## [REQUIRED ACTION]
Omit every picture, then give all the entries again exactly.

Records contained in a dataset
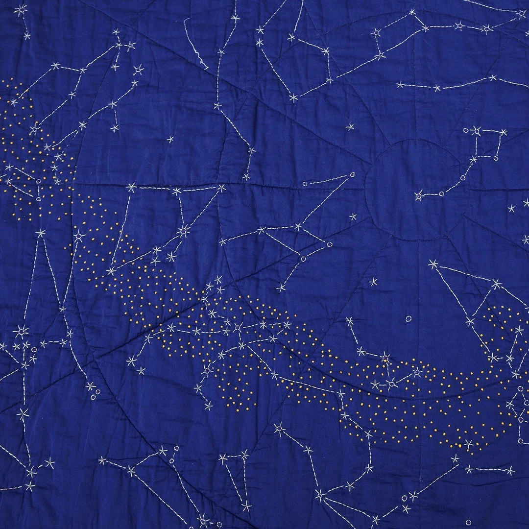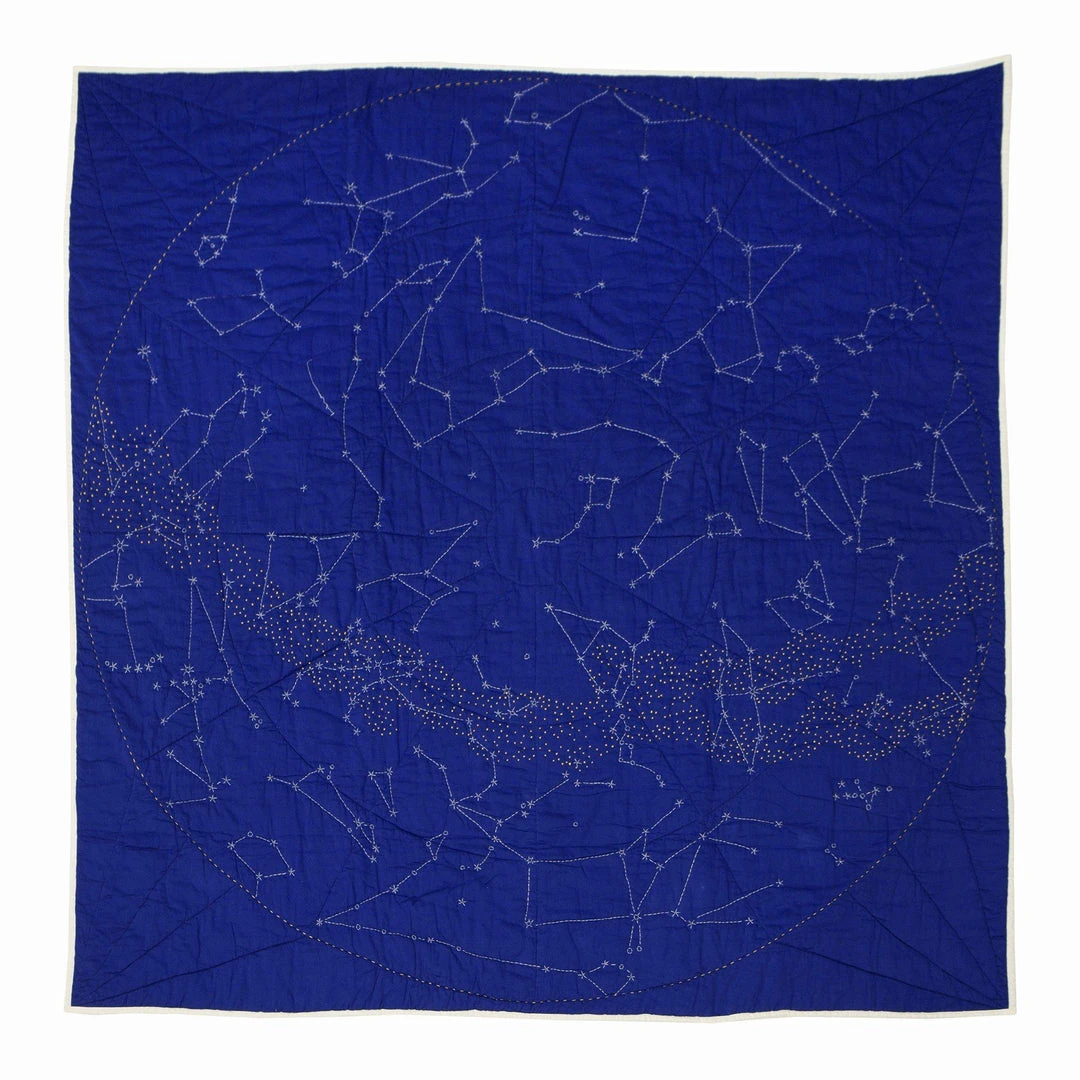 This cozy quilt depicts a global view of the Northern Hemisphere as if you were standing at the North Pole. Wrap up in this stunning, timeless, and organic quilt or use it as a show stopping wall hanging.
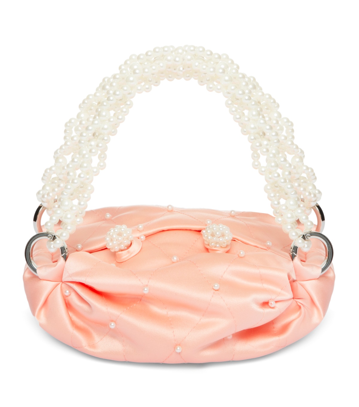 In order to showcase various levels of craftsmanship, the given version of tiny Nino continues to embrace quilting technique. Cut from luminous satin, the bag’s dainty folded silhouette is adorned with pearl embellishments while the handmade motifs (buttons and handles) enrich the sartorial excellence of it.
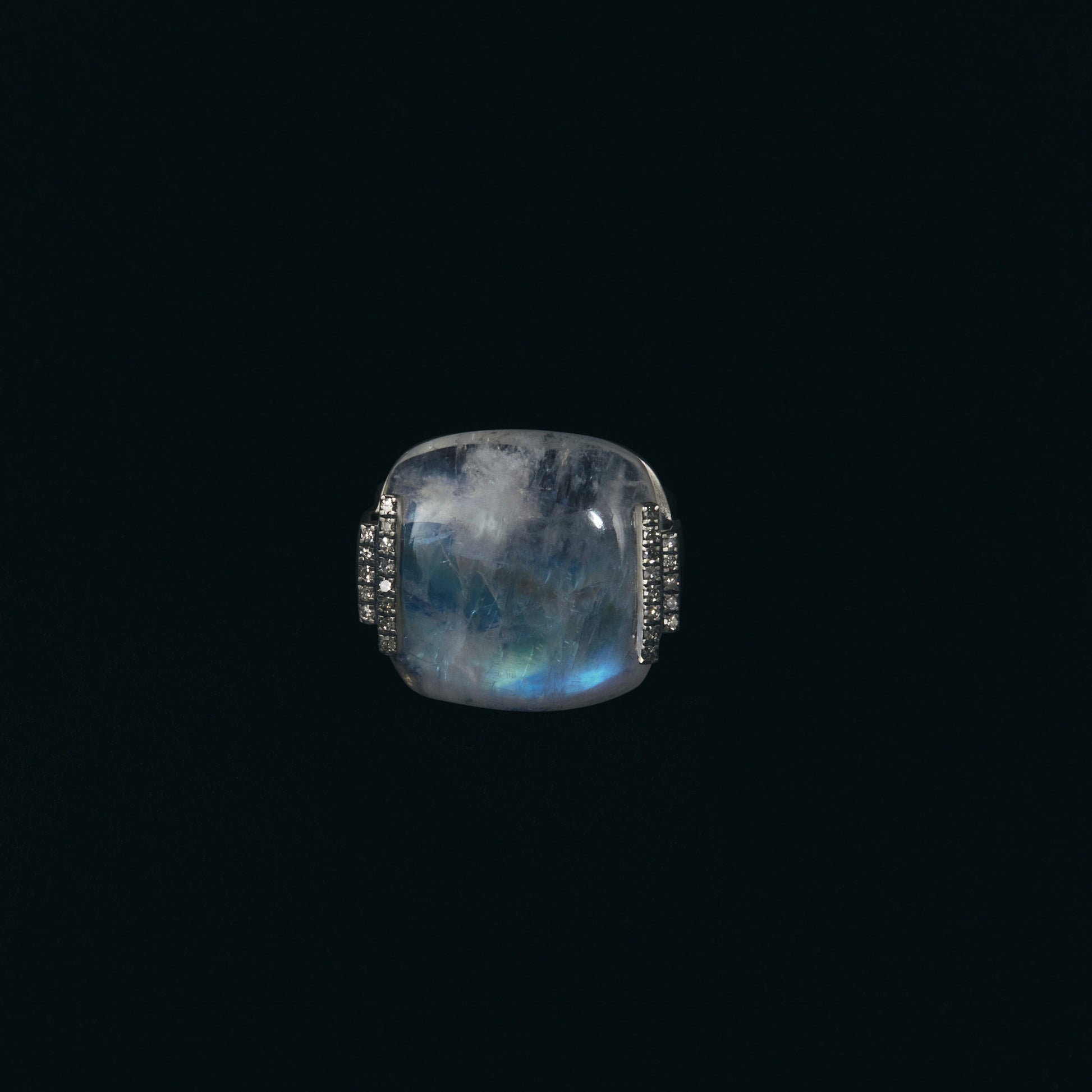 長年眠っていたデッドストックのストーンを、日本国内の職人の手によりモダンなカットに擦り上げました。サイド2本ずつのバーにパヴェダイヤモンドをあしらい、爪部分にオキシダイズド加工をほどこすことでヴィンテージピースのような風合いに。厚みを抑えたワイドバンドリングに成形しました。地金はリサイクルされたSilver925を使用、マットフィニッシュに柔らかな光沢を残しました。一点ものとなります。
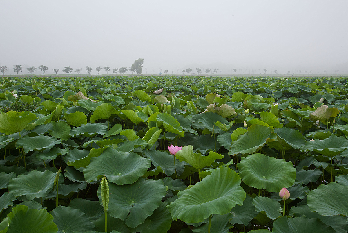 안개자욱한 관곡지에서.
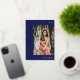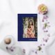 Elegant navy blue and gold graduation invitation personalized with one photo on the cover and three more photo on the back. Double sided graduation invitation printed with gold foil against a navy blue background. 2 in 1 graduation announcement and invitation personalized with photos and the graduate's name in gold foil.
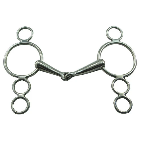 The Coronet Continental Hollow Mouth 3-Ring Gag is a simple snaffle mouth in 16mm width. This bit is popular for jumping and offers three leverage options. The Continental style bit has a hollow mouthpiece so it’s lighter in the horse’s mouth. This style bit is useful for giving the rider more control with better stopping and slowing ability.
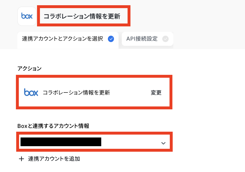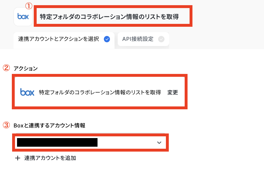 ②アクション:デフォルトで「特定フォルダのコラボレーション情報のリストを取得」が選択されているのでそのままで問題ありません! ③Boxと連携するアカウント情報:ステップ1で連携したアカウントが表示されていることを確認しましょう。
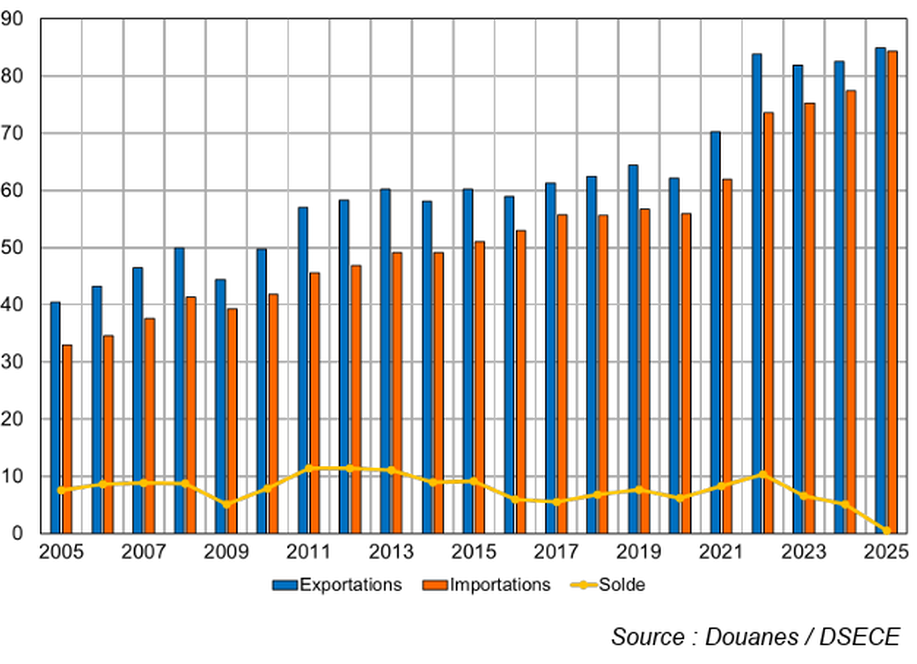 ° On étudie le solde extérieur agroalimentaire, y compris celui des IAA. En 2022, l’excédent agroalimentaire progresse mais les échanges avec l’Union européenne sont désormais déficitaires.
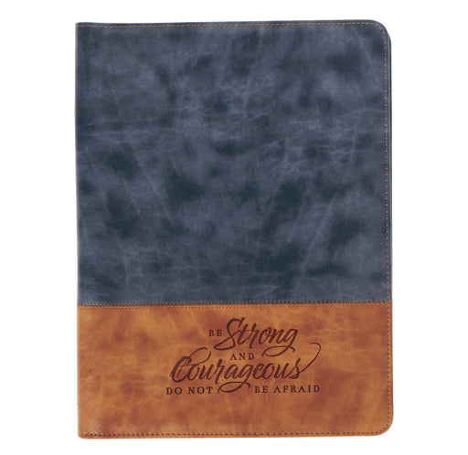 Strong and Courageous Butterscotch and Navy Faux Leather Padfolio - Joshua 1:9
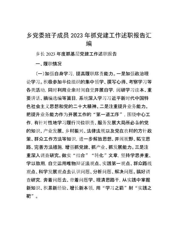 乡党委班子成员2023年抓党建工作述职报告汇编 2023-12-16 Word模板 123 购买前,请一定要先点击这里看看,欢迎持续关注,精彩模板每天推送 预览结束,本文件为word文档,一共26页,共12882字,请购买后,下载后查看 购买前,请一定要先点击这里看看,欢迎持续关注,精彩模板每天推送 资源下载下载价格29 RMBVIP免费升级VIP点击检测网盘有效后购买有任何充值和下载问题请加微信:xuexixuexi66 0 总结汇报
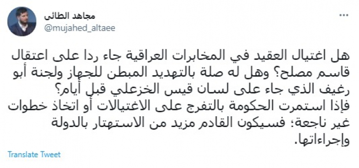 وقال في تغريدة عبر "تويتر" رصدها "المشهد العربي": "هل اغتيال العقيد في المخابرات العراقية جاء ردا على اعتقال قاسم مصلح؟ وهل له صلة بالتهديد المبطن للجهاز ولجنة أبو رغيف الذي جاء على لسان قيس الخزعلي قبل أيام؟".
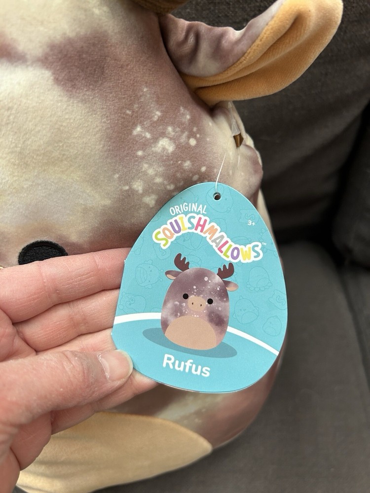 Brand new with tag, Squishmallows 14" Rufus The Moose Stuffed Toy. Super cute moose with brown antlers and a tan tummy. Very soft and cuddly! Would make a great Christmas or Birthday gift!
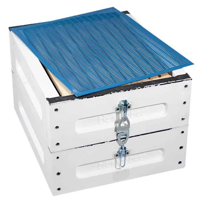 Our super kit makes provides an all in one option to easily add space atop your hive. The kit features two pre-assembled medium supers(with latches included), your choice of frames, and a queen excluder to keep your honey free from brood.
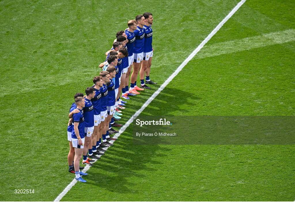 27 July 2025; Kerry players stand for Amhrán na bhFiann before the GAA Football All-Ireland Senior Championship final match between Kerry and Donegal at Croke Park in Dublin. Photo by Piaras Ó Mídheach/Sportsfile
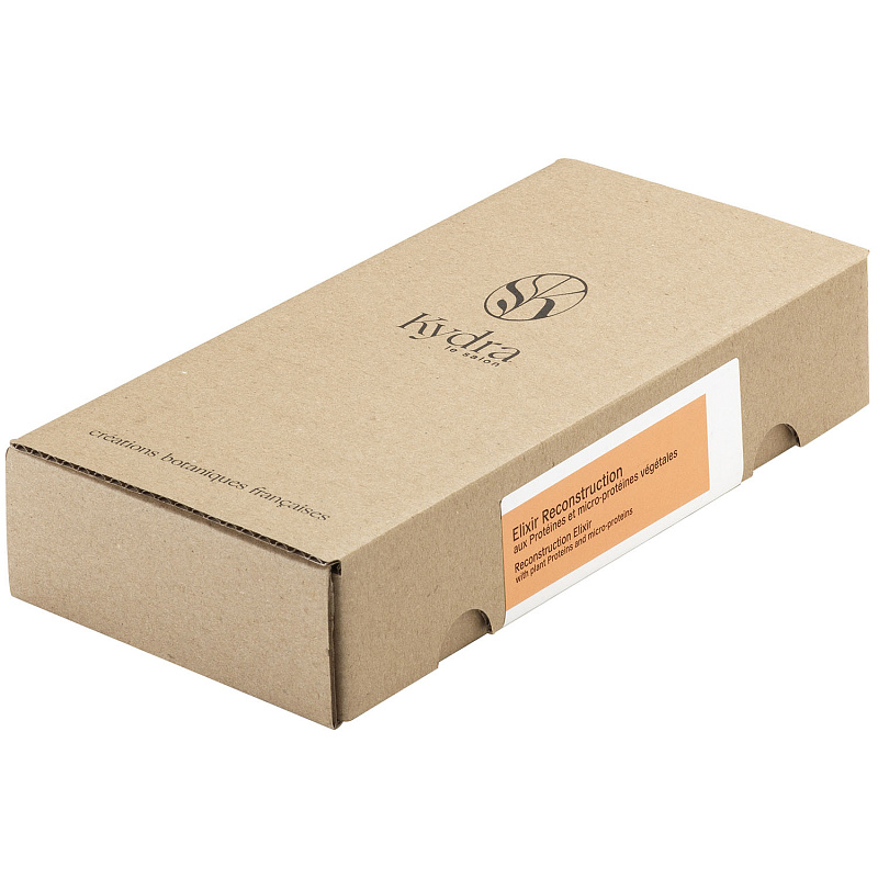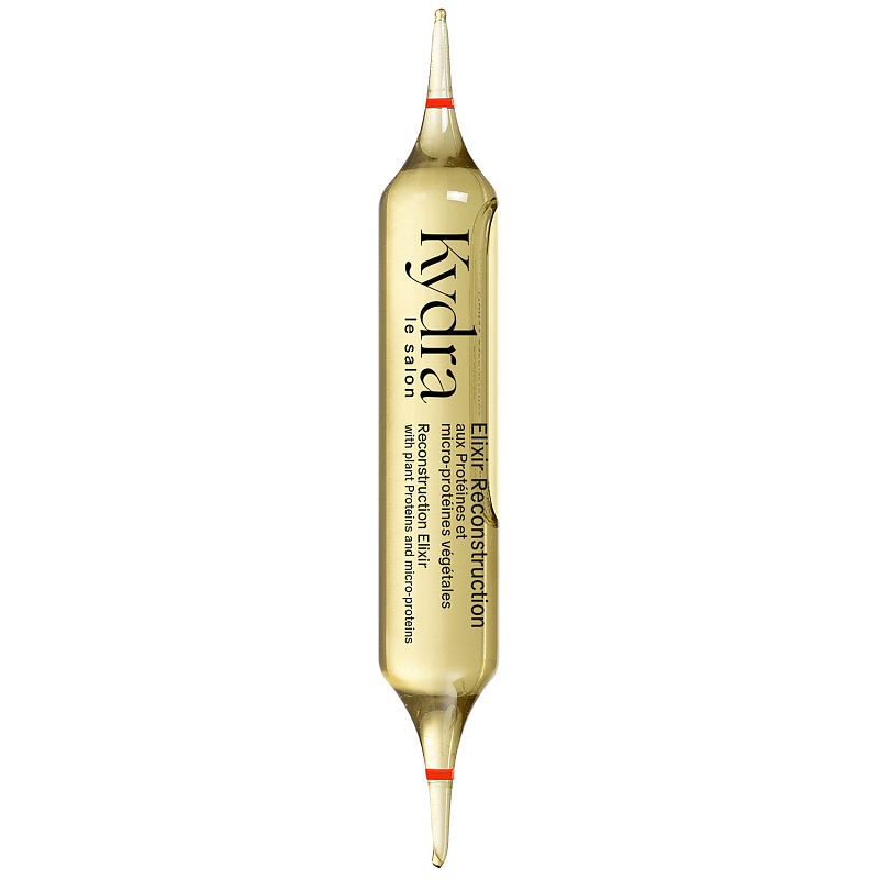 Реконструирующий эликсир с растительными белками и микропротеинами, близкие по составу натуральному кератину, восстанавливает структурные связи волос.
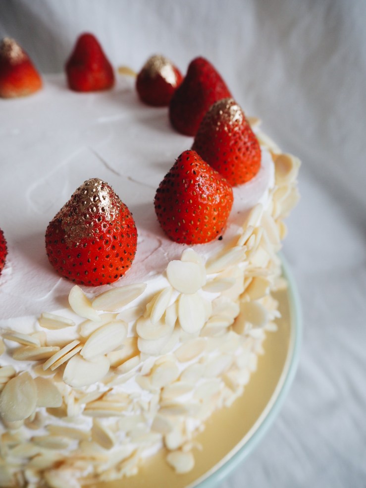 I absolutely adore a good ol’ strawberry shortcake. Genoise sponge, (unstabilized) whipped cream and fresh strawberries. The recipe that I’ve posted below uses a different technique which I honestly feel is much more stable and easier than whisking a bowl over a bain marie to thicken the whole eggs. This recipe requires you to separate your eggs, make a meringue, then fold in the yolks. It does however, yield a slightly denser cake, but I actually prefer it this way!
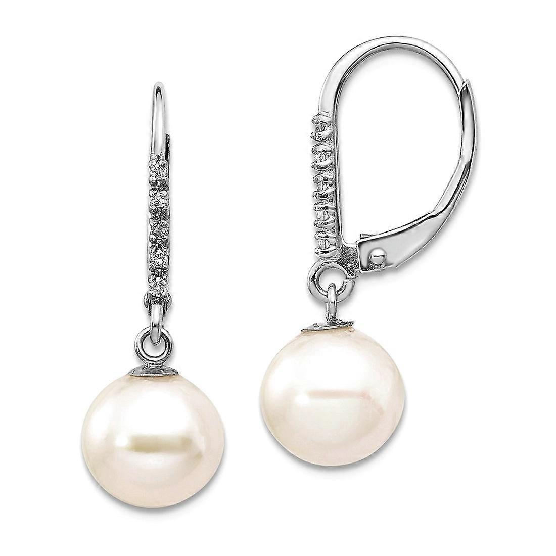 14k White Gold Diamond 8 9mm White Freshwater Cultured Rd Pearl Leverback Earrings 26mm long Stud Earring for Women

## [WRITTEN REPLY]
 This cozy quilt depicts a global view of the Northern Hemisphere as if you were standing at the North Pole. Wrap up in this stunning, timeless, and organic quilt or use it as a show stopping wall hanging.
 In order to showcase various levels of craftsmanship, the given version of tiny Nino continues to embrace quilting technique. Cut from luminous satin, the bag’s dainty folded silhouette is adorned with pearl embellishments while the handmade motifs (buttons and handles) enrich the sartorial excellence of it.
 長年眠っていたデッドストックのストーンを、日本国内の職人の手によりモダンなカットに擦り上げました。サイド2本ずつのバーにパヴェダイヤモンドをあしらい、爪部分にオキシダイズド加工をほどこすことでヴィンテージピースのような風合いに。厚みを抑えたワイドバンドリングに成形しました。地金はリサイクルされたSilver925を使用、マットフィニッシュに柔らかな光沢を残しました。一点ものとなります。
 안개자욱한 관곡지에서.
 Elegant navy blue and gold graduation invitation personalized with one photo on the cover and three more photo on the back. Double sided graduation invitation printed with gold foil against a navy blue background. 2 in 1 graduation announcement and invitation personalized with photos and the graduate's name in gold foil.
 The Coronet Continental Hollow Mouth 3-Ring Gag is a simple snaffle mouth in 16mm width. This bit is popular for jumping and offers three leverage options. The Continental style bit has a hollow mouthpiece so it’s lighter in the horse’s mouth. This style bit is useful for giving the rider more control with better stopping and slowing ability.
 ②アクション:デフォルトで「特定フォルダのコラボレーション情報のリストを取得」が選択されているのでそのままで問題ありません! ③Boxと連携するアカウント情報:ステップ1で連携したアカウントが表示されていることを確認しましょう。
 ° On étudie le solde extérieur agroalimentaire, y compris celui des IAA. En 2022, l’excédent agroalimentaire progresse mais les échanges avec l’Union européenne sont désormais déficitaires.
 Strong and Courageous Butterscotch and Navy Faux Leather Padfolio - Joshua 1:9
 乡党委班子成员2023年抓党建工作述职报告汇编 2023-12-16 Word模板 123 购买前,请一定要先点击这里看看,欢迎持续关注,精彩模板每天推送 预览结束,本文件为word文档,一共26页,共12882字,请购买后,下载后查看 购买前,请一定要先点击这里看看,欢迎持续关注,精彩模板每天推送 资源下载下载价格29 RMBVIP免费升级VIP点击检测网盘有效后购买有任何充值和下载问题请加微信:xuexixuexi66 0 总结汇报
 وقال في تغريدة عبر "تويتر" رصدها "المشهد العربي": "هل اغتيال العقيد في المخابرات العراقية جاء ردا على اعتقال قاسم مصلح؟ وهل له صلة بالتهديد المبطن للجهاز ولجنة أبو رغيف الذي جاء على لسان قيس الخزعلي قبل أيام؟".
 Brand new with tag, Squishmallows 14" Rufus The Moose Stuffed Toy. Super cute moose with brown antlers and a tan tummy. Very soft and cuddly! Would make a great Christmas or Birthday gift!
 Our super kit makes provides an all in one option to easily add space atop your hive. The kit features two pre-assembled medium supers(with latches included), your choice of frames, and a queen excluder to keep your honey free from brood.
 27 July 2025; Kerry players stand for Amhrán na bhFiann before the GAA Football All-Ireland Senior Championship final match between Kerry and Donegal at Croke Park in Dublin. Photo by Piaras Ó Mídheach/Sportsfile
 Реконструирующий эликсир с растительными белками и микропротеинами, близкие по составу натуральному кератину, восстанавливает структурные связи волос.
 I absolutely adore a good ol’ strawberry shortcake. Genoise sponge, (unstabilized) whipped cream and fresh strawberries. The recipe that I’ve posted below uses a different technique which I honestly feel is much more stable and easier than whisking a bowl over a bain marie to thicken the whole eggs. This recipe requires you to separate your eggs, make a meringue, then fold in the yolks. It does however, yield a slightly denser cake, but I actually prefer it this way!
 14k White Gold Diamond 8 9mm White Freshwater Cultured Rd Pearl Leverback Earrings 26mm long Stud Earring for Women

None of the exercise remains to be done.